I am less congratulatory to the Chancellor on his Budget. I congratulate him on the provision to protect low-paid civil servants, of whom there are many, from the rigours of a pay freeze, but I am not sure that such measures will be sufficient to outweigh what my hon. Friend the Member for Nottingham East (Chris Leslie) called, in his very effective speech, stealth cuts, or the general depressive impact of not only the Budget, but the £6 billion of cuts that went before it and the massive cuts still to come. Those are not part of the Budget package, but they must be viewed as part of the approach. I am sure those measures will have such a depressing effect on the economy that the poor cannot be protected by the simple measures the Chancellor introduced.

In fact, collectively, the package of cuts and the Budget lead me to lament the economic ignorance and social arrogance behind them. The Budget is a dangerous assault on the economy when growth is just beginning—it is not fully entrenched or powerful yet—and there is a glimmer of light ahead. It also represents a transformation in the attitude of the Conservative party. Its leader tried to win the election—he did not actually do so—by charm and by presenting the face of compassionate conservatism. He undertook to protect spending on aid, defence, the NHS and education, to protect front-line services, and to preserve free bus travel and winter fuel payments for pensioners. He also told us that he had no plans to increase VAT. Those must have been the same non-plans that the Conservatives had in 1979, when they increased VAT from 8% to 15%—their non-plans then were equally fulfilled.

That charm offensive—compassionate conservatism—has been replaced by the Chancellor, who was clearly kept in the attic, like Mrs Rochester, during the election campaign, so that he did not go out and frighten people with the extent of the cuts that he wanted to make.
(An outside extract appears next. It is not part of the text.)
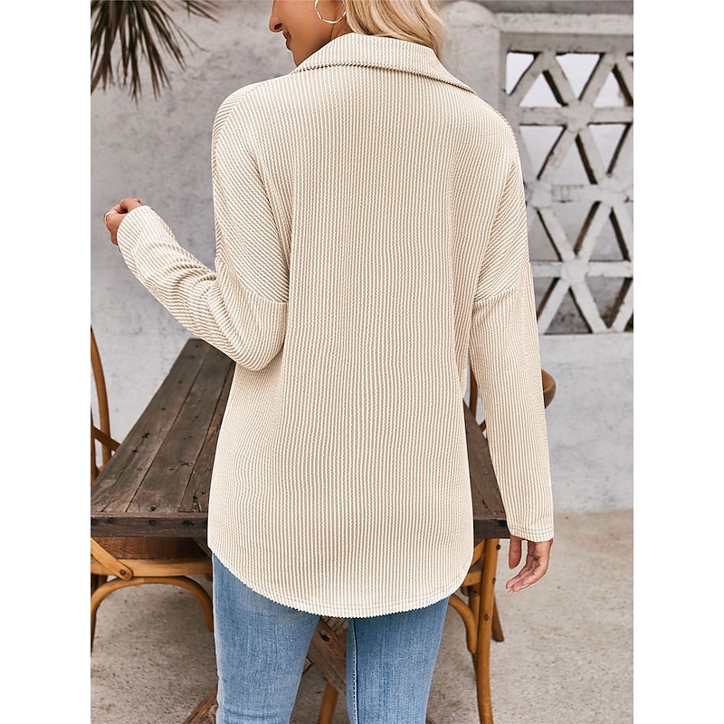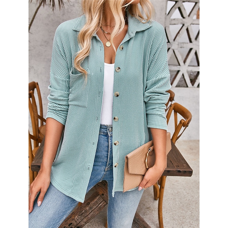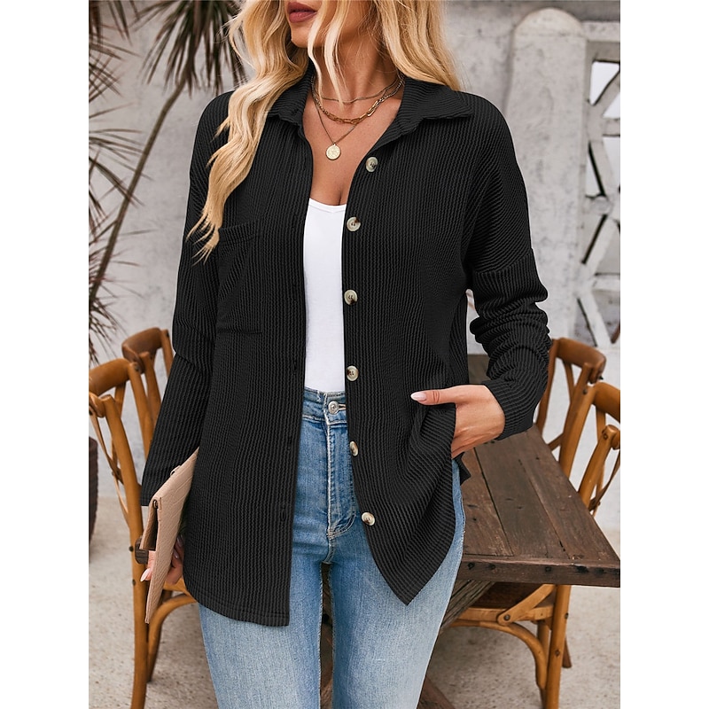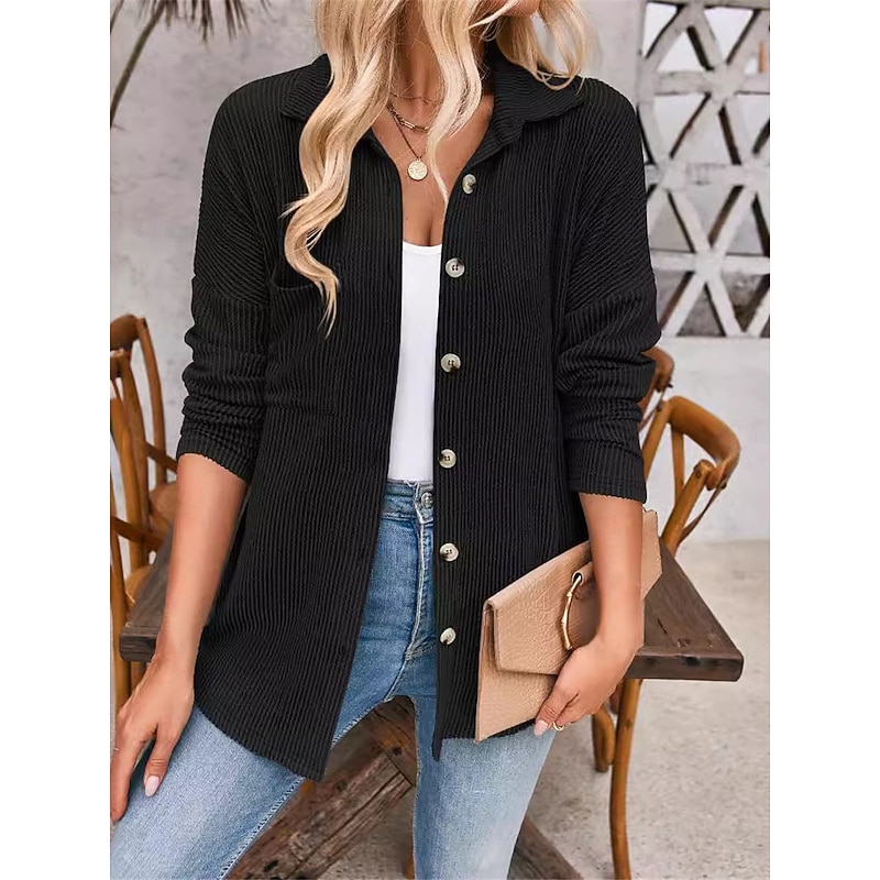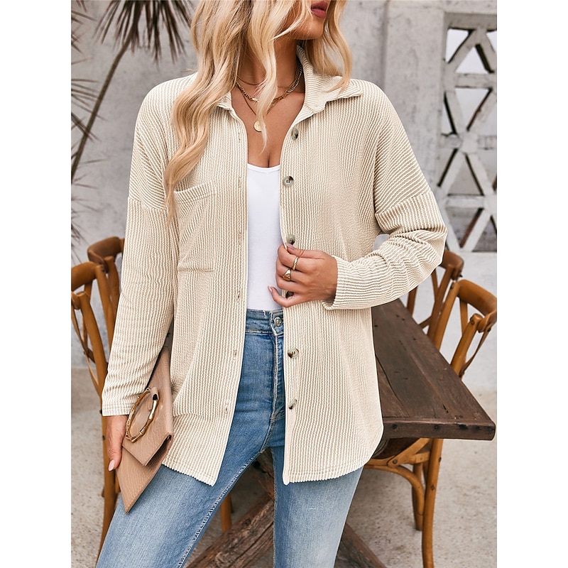 : Crafted from high-quality polyester, this women's casual jacket is designed to provide thermal warmth while remaining breathable. The soft, ribbed corduroy texture offers a cozy feel, perfect for autumn days.
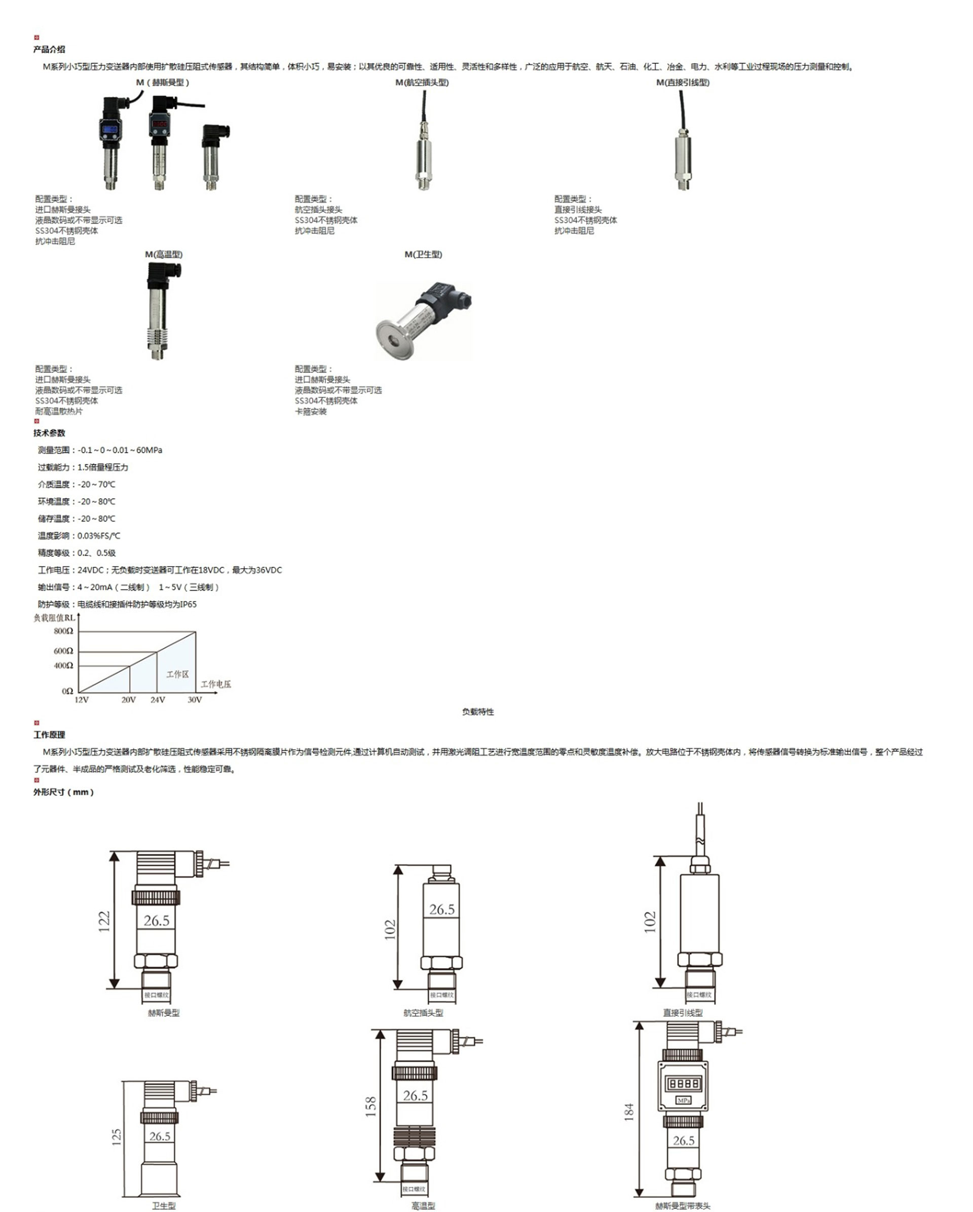 M系列小巧型壓力變送器內(nèi)部使用擴(kuò)散硅壓阻式傳感器,其結(jié)構(gòu)簡單,體積小巧,易安裝;以其優(yōu)良的可靠性、適用性、靈活性和多樣性,廣泛的應(yīng)用于航空、航天、石油、化工、冶金、電力、水利等工業(yè)過程現(xiàn)場的壓力測量和控制。

He has now been released from the attic to impose his Mrs Rochester economics on the system, with a few pathetic crumbs and benefits, such as the abolition of the cider duty, which we had already in fact abolished before the election. That has now been dropped from the Tory table to the Liberal Democrats to give them and their leader something, however small, to compensate them for having betrayed those who voted for them, thinking them an independent-minded, compassionate middle party.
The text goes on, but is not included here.